**AVAILABLE DATA:**
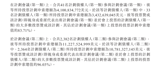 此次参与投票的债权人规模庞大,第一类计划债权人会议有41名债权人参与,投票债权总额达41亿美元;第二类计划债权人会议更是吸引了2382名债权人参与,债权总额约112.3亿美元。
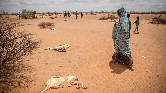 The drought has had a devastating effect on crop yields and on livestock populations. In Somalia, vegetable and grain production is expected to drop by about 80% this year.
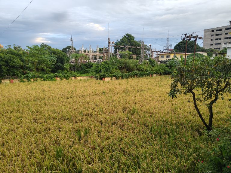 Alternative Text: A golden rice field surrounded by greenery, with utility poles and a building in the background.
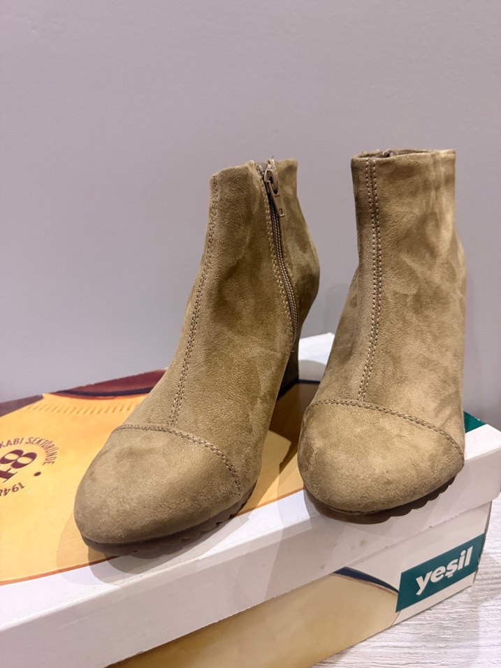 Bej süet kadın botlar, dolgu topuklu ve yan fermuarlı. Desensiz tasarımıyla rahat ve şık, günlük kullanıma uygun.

**WORK ORDER:** Write out the data above in full and exactly, but not the pictures.

**EXPECTED ANSWER:**
 此次参与投票的债权人规模庞大,第一类计划债权人会议有41名债权人参与,投票债权总额达41亿美元;第二类计划债权人会议更是吸引了2382名债权人参与,债权总额约112.3亿美元。
 The drought has had a devastating effect on crop yields and on livestock populations. In Somalia, vegetable and grain production is expected to drop by about 80% this year.
 Alternative Text: A golden rice field surrounded by greenery, with utility poles and a building in the background.
 Bej süet kadın botlar, dolgu topuklu ve yan fermuarlı. Desensiz tasarımıyla rahat ve şık, günlük kullanıma uygun.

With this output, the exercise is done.